This is the best Labour Party political broadcast I’ve seen in a while.
And:Working class history, multi-cultural, nhs, cnd, gay kissing. Well done comrade Boyle! Bet Dave is wriggling!
The Labour MP Paul Flynn blogged his agreement with Sargent:Mayor Boris could not take it. He wept. What else was left to do? Boris is strangled by his pre-event hyperbole. He was at it again today spewing wild meaningless superlatives hoping to obliterate the eloquent messages of Danny Boyle on NHS, CND, war futility.
Flynn went on to describe how:Wonderfully progressive socialist sentiments and ideas were smuggled into the opening romp. The Tory Olympic twosome were tricked into praising the Trojan Horse. Cameron and Boris could not condemn the wonders that they had praised to the skies 12 hours earlier.
This was not British history as Michael Gove sees it. There was an acknowledgement of the suffering of war, respect for fallen warriors without triumphalism. The centrepiece NHS sign was a worthy celebration of the greatest single political reform of the last century. The CND symbol was formed by the dancers. This is history from the perspective of Classic Labour.

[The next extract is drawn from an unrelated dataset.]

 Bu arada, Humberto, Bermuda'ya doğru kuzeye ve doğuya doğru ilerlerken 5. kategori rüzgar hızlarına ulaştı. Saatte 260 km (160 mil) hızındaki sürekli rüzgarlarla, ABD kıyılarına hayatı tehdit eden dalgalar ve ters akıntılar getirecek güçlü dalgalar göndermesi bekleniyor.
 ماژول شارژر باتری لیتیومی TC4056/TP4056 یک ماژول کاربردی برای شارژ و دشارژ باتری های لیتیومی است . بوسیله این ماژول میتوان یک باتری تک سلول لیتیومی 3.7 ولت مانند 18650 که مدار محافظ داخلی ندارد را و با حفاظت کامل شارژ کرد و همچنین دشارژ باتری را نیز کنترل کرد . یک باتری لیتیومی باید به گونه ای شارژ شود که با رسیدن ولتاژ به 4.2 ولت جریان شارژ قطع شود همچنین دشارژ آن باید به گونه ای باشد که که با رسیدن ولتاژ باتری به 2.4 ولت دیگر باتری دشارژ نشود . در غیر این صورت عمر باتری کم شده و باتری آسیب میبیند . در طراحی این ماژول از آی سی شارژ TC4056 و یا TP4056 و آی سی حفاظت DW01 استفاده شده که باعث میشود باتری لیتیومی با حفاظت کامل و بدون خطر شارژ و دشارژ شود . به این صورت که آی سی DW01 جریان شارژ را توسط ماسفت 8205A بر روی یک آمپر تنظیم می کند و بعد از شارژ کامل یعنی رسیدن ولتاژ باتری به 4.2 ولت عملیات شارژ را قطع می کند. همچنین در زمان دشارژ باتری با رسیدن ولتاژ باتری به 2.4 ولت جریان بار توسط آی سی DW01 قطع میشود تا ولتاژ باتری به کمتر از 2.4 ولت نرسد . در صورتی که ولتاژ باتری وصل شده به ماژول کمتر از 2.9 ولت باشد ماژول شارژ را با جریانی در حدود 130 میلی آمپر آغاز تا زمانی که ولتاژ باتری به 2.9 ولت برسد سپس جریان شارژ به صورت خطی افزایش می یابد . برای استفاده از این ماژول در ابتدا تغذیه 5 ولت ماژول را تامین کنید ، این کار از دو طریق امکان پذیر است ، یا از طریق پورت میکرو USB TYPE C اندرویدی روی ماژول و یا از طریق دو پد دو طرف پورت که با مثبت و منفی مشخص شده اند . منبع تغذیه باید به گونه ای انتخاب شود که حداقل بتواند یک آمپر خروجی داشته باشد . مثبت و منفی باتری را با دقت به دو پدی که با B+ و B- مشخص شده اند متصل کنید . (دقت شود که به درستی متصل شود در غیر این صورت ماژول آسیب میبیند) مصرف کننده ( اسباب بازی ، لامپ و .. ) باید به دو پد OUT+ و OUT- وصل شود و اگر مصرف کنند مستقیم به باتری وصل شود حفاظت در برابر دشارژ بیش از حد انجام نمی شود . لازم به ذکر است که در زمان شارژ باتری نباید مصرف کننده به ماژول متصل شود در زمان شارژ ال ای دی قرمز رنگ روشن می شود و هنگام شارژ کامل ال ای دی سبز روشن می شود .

Indeed. Yet what are those British conservatives who have been furiously dismissing exactly this claim for the last two days going to say about it now? To be clear: there were wonderful parts of the ceremony. There cannot have been anybody who did not thrill to the Queen’s scene with James Bond. But the claim that the ceremony did not become highly political is nonsense. If in doubt, consider the following thought-experiment. Among the people honoured with the task of carrying the Olympic flag was the left-wing campaigner Shami Chakrabarti. The stadium voiceover announced that this was because of her ‘integrity.’ The conservative philosopher Roger Scruton is some years Chakrabarti’s senior and I would say rather demonstrably her superior in achievement and ‘integrity’. Yet I do not believe Professor Scruton was asked to be one of the Olympic flag-bearers. Nor was Ayaan Hirsi Ali invited to be honoured for her integrity. Or Margaret Thatcher. Why not? To ask the question is to answer it: all are recognised, like Chakrabarti, to be highly political figures. As it happens I do not think any political figure – from any political direction – should have been involved in the ceremony. But the inclusion of Chakrabarti shows, as surely as the inclusion of Scruton, Hirsi Ali or Thatcher alone would have done, that the organisers were celebrating a particular political direction. This would have been obvious even without the CND logo and so on. As it is, though most people will remember the evening for some good jokes and a couple of stand-out performances, many people like Messrs Sargent and Flynn will continue to see it as a demonstration of the wholesale triumph of their particular political world-view. How sad that many British conservatives are now helping to prove them right.